Aim of the exercise → No pictures go into the output, which should consist only of the lines from the first line of the data through the line with "房协长者安居资源中心今年连续", copied exactly.

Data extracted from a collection
◆ ◆ ◆ ◆ ◆
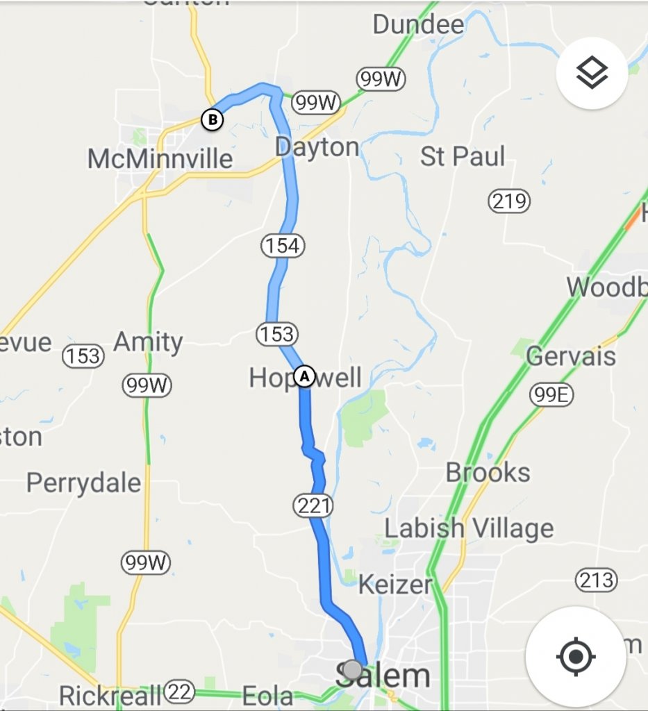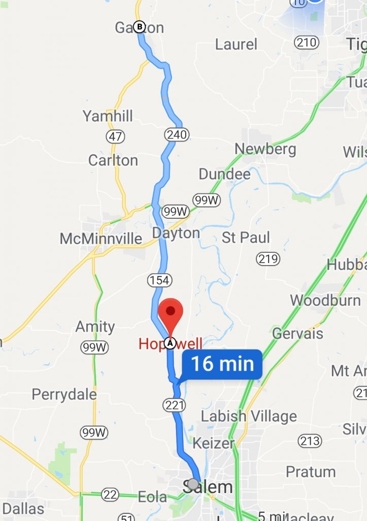 Going through Hopewell to get to West Salem (her apartment is in west Salem) is one of the shortcuts locals use instead of Hwy 99W. (I grew up in Yamhill County am now in Washington County and still go to west Salem this way)
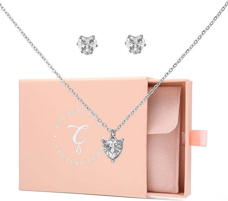 Couture Gems Heart Necklace And Earring Sets
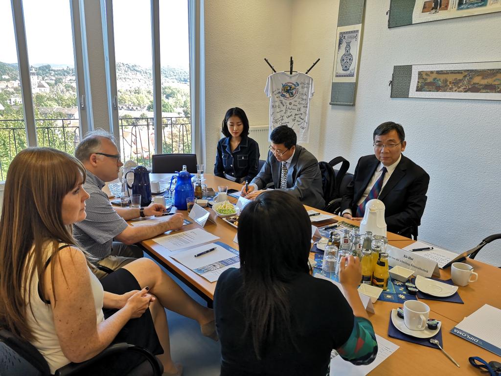 在北黑森应用技术大学访问期间,陈平社与该校校长MichaelaZilling教授就深化合作广泛深入交换了意见。陈平社介绍了中国先贤人才培养的理念和新时代人才培养要求,MichaelaZilling校长介绍了北黑森应用技术大学人才培养情况。双方认为两校在办学定位、人才培养等方面有很好的合作基础,开展合作办学五年来成效显著,希望两校进一步加强沟通交流,着力提升人才培养质量。
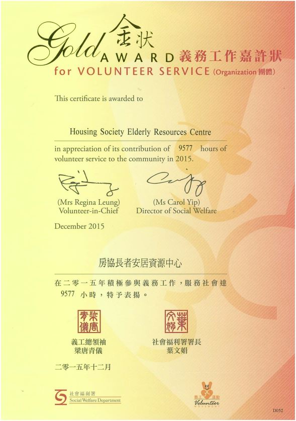 房协长者安居资源中心今年连续第十一年,获社署颁发「义工服务团体」金奖。去年中心义工积极参与义工服务,服务时数超过9,577小时。
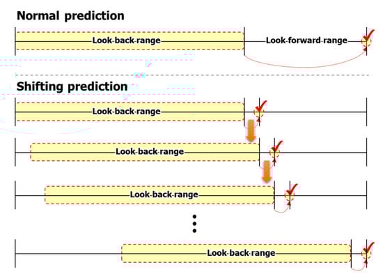 The shifting prediction is a method of predicting a specific point and using the predicted data as an input to predict the following continuously. For example, if the learning model is trained as a model that predicts one step forward, it cannot predict after four steps. In this case, the result of predicting the first step forward can be used as input again to predict the second step forward. By repeating this process, we can predict 4 steps forward and even can predict 100 steps forward. Figure 12 shows a comparison between normal prediction and shifting prediction. In the process of using deep learning models, we confirmed various studies on shifting prediction. Rasp et al. [21] performed a similar approach and named it “iterative prediction”. If the satellite communication is lost, we cannot get nowcasting information. However, we can predict any days in the future from past data by generating our own prediction model. In addition, using shifting forecasting allows for predicting the far future as well; thus, we can make a long-term plan. In this study, the difference in accuracy between the two methods was analyzed.
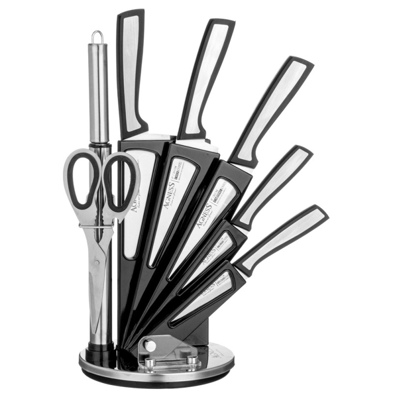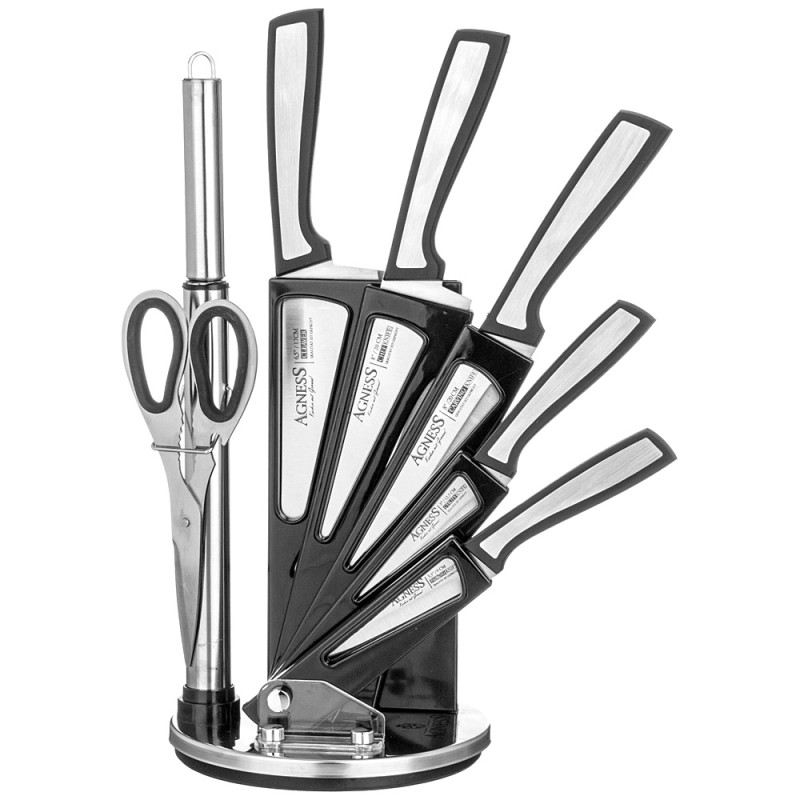 Набор ножей с ножницами и мусатом на пластиковой подставке, 8 предметов AGNESS 911-769
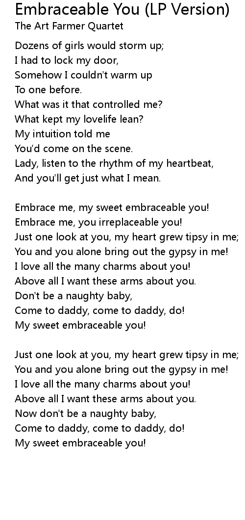 Embrace me, my sweet embraceable you! |
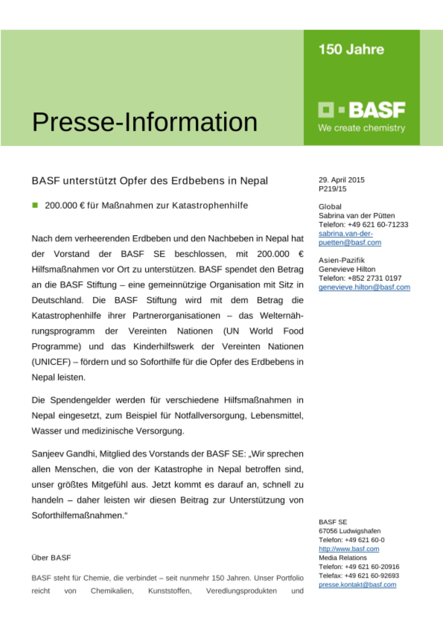 Nach dem verheerenden Erdbeben und den Nachbeben in Nepal hat der Vorstand der BASF SE beschlossen, mit 200.000 € Hilfsmaßnahmen vor Ort zu unterstützen. BASF spendet den Betrag an die BASF Stiftung – eine gemeinnützige Organisation mit Sitz in Deutschland. Die BASF Stiftung wird mit dem Betrag die Katastrophenhilfe ihrer Partnerorganisationen – das Welternährungsprogramm der Vereinten Nationen (UN World Food Programme) und das Kinderhilfswerk der Vereinten Nationen (UNICEF) – fördern und so Soforthilfe für die Opfer des Erdbebens in Nepal leisten.
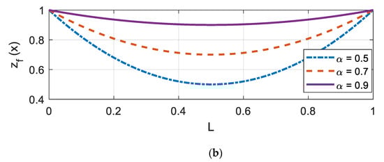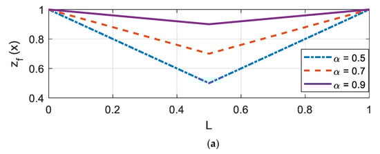 where the reference parameters for stiffness () and damping () are and N·s/m, respectively. The reduction factor was selected such that the soil had the most reduced value at the mid-span of the beam (L/2). In this study, was varied from 0.5, 0.7, and 0.9, which implied 50%, 70%, and 90% of the reference parameters. An illustration of for each is shown in Figure 2. Herein, the variation profiles are described with L and Q, for a linear and quadratic shape, respectively, followed by two digits describing α. For example, a dashed-dot plot in Figure 2a (linear with = 0.5) was denoted as ‘L50’. Similarly, ‘Q90’ indicates that varies in a quadratic manner (see a solid line in Figure 2b).
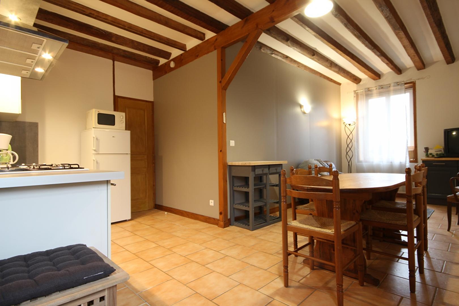 Composition : Gîte dans maison comprenant 1 autre logement saisonnier (sur propriété abritant le second gîte des propriétaires). Wifi (fibre). Chauffage électrique. Rdc : séjour-cuisine-salon, 1 chambre (lit 2 p. 140x190cm + 2 lits 1 p. 90x190cm superposés), salle d‘eau (douche), Wc indépendant. Jardin (100m²) + terrasse + parking privés. Local vélos. Commerces & services 11 km. Supermarchés 10 km. A noter : la ligne TGV passe à proximité du village (sans nuisance particulière).
◆ ◆ ◆ ◆ ◆
Your response →
 Going through Hopewell to get to West Salem (her apartment is in west Salem) is one of the shortcuts locals use instead of Hwy 99W. (I grew up in Yamhill County am now in Washington County and still go to west Salem this way)
 Couture Gems Heart Necklace And Earring Sets
 在北黑森应用技术大学访问期间,陈平社与该校校长MichaelaZilling教授就深化合作广泛深入交换了意见。陈平社介绍了中国先贤人才培养的理念和新时代人才培养要求,MichaelaZilling校长介绍了北黑森应用技术大学人才培养情况。双方认为两校在办学定位、人才培养等方面有很好的合作基础,开展合作办学五年来成效显著,希望两校进一步加强沟通交流,着力提升人才培养质量。
 房协长者安居资源中心今年连续第十一年,获社署颁发「义工服务团体」金奖。去年中心义工积极参与义工服务,服务时数超过9,577小时。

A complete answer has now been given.